At the top of the glacier, she saw the ball of green luminance that marked Jon Smith start its bounding descent down the ice extrusion.
Not long now and he would be with her. A hundred feet to go…seventy…fifty…
Valentina heard a creaking groan, the yielding of inorganic matter on a massive scale, followed by a series of explosive cracks. She threw herself back against the cliff face, pressing spine to stone just as the entire vertical edge of the glacier fractured and dissolved into a thundering cascade of tumbling, grinding ice.
Val was aware of the strike and brush of ice fragments, none of them quite large enough to bludgeon her or carry her away. The big stuff, the car- and truck-sized slabs of glacier, were tipping outward, their weight and momentum carrying them beyond the shelf of rock. Then a streak of green light plummeted past en route to oblivion, and she dimly heard her own scream of denial over the grating roar of the icefall. Then something seized her with irresistible force, snatching her off her feet and hurling her to the ledge. Her head slammed into stone; white light blazed behind her eyes; then blackness took her.
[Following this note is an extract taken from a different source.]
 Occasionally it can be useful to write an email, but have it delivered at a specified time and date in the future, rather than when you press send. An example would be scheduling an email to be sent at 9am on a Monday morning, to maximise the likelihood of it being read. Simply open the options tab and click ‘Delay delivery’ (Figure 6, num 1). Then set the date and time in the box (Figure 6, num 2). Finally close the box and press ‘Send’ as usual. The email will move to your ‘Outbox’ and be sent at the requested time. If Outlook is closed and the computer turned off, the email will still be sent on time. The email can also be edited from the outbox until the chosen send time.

Consciousness returned with the sound of an accented voice calling her name. She found herself lying facedown on the rock shelf, unnervingly near the edge, and with something stabbing uncomfortably into her stomach. Her head rang with the blow she had taken, but her thick parka hood had kept her skull from fracturing. She didn’t think she’d been unconscious for long, but the cold of the stone and the wind were already creeping into her. Groggily she tried to stand but found she couldn’t. It was as if she were glued down on the ledge. A moment of befuddled exploration revealed why.
It was the safety line, and the thing that was prodding her so uncomfortably was the piton and carabinier that she had looped it through. Drawn taut, the line ran from her climbing harness, through the carabiner, and over the lip of the ledge. Valentina’s last few seconds of memory returned, and she recalled the avalanche and Smith’s chem light falling past her.
“Jon!”
There was no answer from the black void beside her. The lifeline hung rigid, a dead weight hanging suspended from its end. She pushed and writhed, trying to draw back from the edge against the merciless drag of the rope, only to find she couldn’t gain even an inch.
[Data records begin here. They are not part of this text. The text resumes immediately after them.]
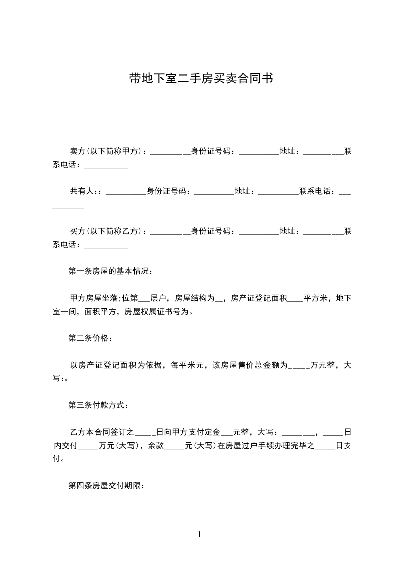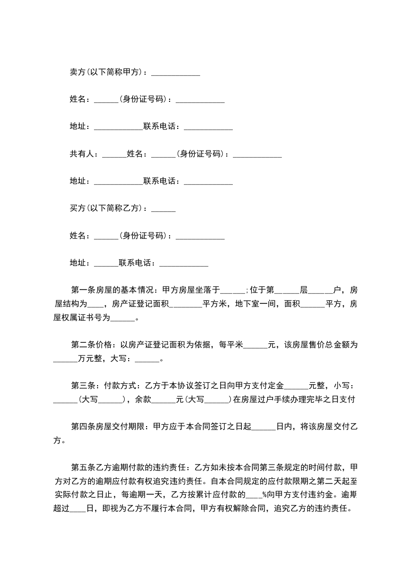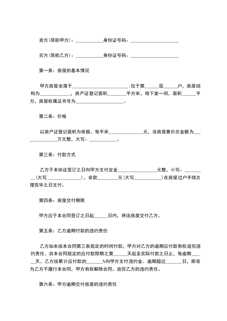 甲方房屋坐落;位第___层户,房屋结构为__,房产证登记面积____平方米,地下室一间,面积平方,房屋权属证书号为.
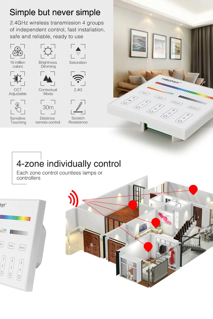 Название продукта: 4 зоны Яркость затемняя Смарт Панель пульт дистанционного управленияНомер модели:В1Рабочая температура: -20 ~ 60 ℃Напряжение: 3 в (2 * AAA батареи)(Аккумулятор в комплект не входит)Частота передачи: 2400-2483,5 МГцМетод модуляции: GFSKМощность передачи: 6 дБмРасстояние управления: 30 мМощность в режиме ожидания: 20uAРазмер панели: 86*86*19 ммНазвание продукта: 4-Зона CCT Регулировка Смарт ПанельНомер модели:В2Рабочая температура: -20 -60 ℃Напряжение: 3 в (2 * AAA батареи)(Аккумулятор в комплект не входит)Частота передачи: 2400-2483,5 МГцМетод модуляции: GFSKМощность передачи: 6 дБмРасстояние управления: 30 мМощность в режиме ожидания: 20uAРазмер панели: 86*86*19 ммНазвание продукта: 4-зона, RGBW смарт Панель пульт дистанционного управленияНомер модели:В3Рабочая температура: -20 -60 ℃Напряжение: 3 в (2 * AAA батареи)(Аккумулятор в комплект не входит)Частота передачи: 2400-2483,5 МГцМетод модуляции: GFSKМощность передачи: 6 дБмРасстояние управления: 30 мМощность в режиме ожидания: 20uAРазмер панели: 86*86*19 ммНазвание продукта: 4 зоны RGB + CCT Smart Панель пульт дистанционного управленияНомер модели:В4Рабочая температура: -20 -60 ℃Напряжение: 3 в (2 * AAA батареи)(Аккумулятор в комплект не входит)Частота передачи: 2400-2483,5 МГцМетод модуляции: GFSKМощность передачи: 6 дБмРасстояние управления: 30 мМощность в режиме ожидания: 20uAРазмер панели: 86*86*19 ммРазмер B1 / B2 / B3 / B4
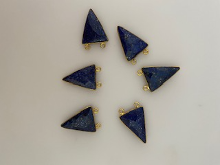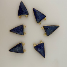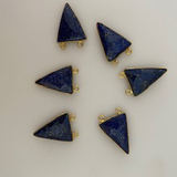 This listing is for one high-quality natural Lapis Lazuli gemstone connector in a triangle-shaped bezel, crafted with real gold-plated sterling silver and featuring two loops.
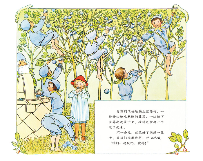 今天是妈妈的生日,小彼得想给妈妈一个惊喜。他挎上两个篮子来到了森林里,想摘小蓝莓和小红莓。可是,他没找到一颗莓果。就在他伤心时,一个还没有苹果大的小老头,对着他施展了魔法。哇,彼得一下子变得好小啊,原来他碰到的是蓝莓地国王!这下子,彼得踏上了神奇的蓝莓地之旅……
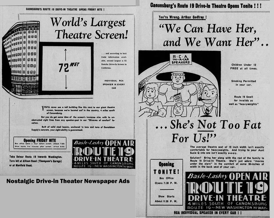 Another ad makes reference to Arthur Godfrey’s hit song “Too Fat Polka (She’s Too Fat For Me)” by showing a cartoon where a larger woman, named Aunt Suzie Q, could comfortably watch a movie in the backseat of the family car. The copy states that Route 19 was “swell for invalids as well as ‘heavyweights.'” That’s certainly one way to market a drive-in movie theater!
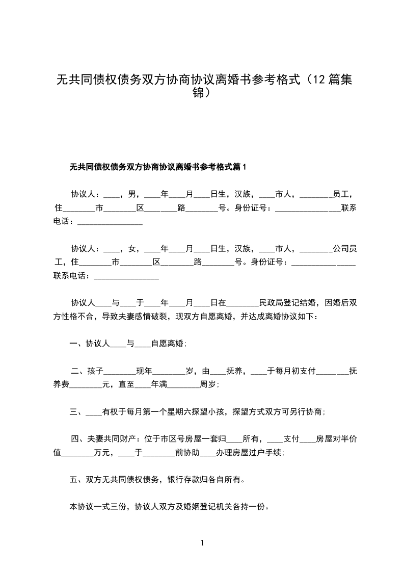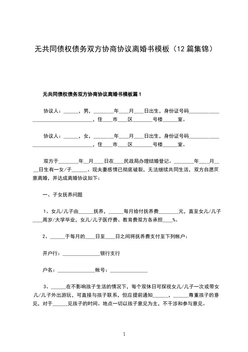 双方确认在婚姻关系存续期间没有发生任何共同债务,任何一方如对外负有债务的,由负债方自行承担。任何一方隐瞒债务,导致另一方承担责任的。另一方除可以向隐瞒债务的一方全额追偿外,还可以按照被隐瞒债务总额的30%要求其承担违约责任。

It was futile. Under ideal circumstances she might have been able to lift the hundred and eighty-odd pounds dangling at the end of the rope, at least for a short distance, but conditions were far from ideal. Sprawled on an ice-glassy slab of rock, there was nothing to give her leverage or purchase. She was hopelessly pinned.
Again she heard her name being called. A dozen yards farther down the ledge she could see Smyslov leaning back against his restraints, trying to see what was happening.
“I’m here, Gregori, and from the look of things I’m not going anyplace.”
“What has happened?”
She hesitated for a moment, then realized her list of available assets and allies was ominously short. In a few terse sentences she described the situation.
“You should not have secured the lifeline like that,” he said.
“Do bloody tell,” Valentina grunted, again straining against the drag on the rope.
“Is the colonel all right?’
“I don’t think so. He hasn’t answered me and I don’t feel any movement at the other end of the line. I’m hoping he was just knocked out by the icefall.”
“You must get him up and out of there, Professor,” Smyslov called back.
“I know it, but I can’t get enough slack on the safety line to tie it off! If I cut loose, he’s gone!”
“Then you must drive in a second piton and secure your climbing harness to it. You will then be able to unharness without losing the colonel.”
Valentina gave up on fighting the lifeline. “That’s an excellent idea. Only I don’t have a second bloody piton!”
“Then use the spike of your rock hammer.”
She looked around within the arc of her reach and the glow of her light stick and swore again. “I managed to lose that, too.”
“Professor, he could be injured or dying!”
“I know that, damn it!”
Smyslov said no more. Panting, Valentina rested the side of her head against the frozen stone. They would all die if she didn’t do something. Trapped here, the storm and the inevitable, invasive cold would finish them all.
There was an answer, of course, obvious, simple, and easily done.
She could free herself by cutting the safety rope.
But as Jon had phrased it, that was an option she was not yet ready to consider.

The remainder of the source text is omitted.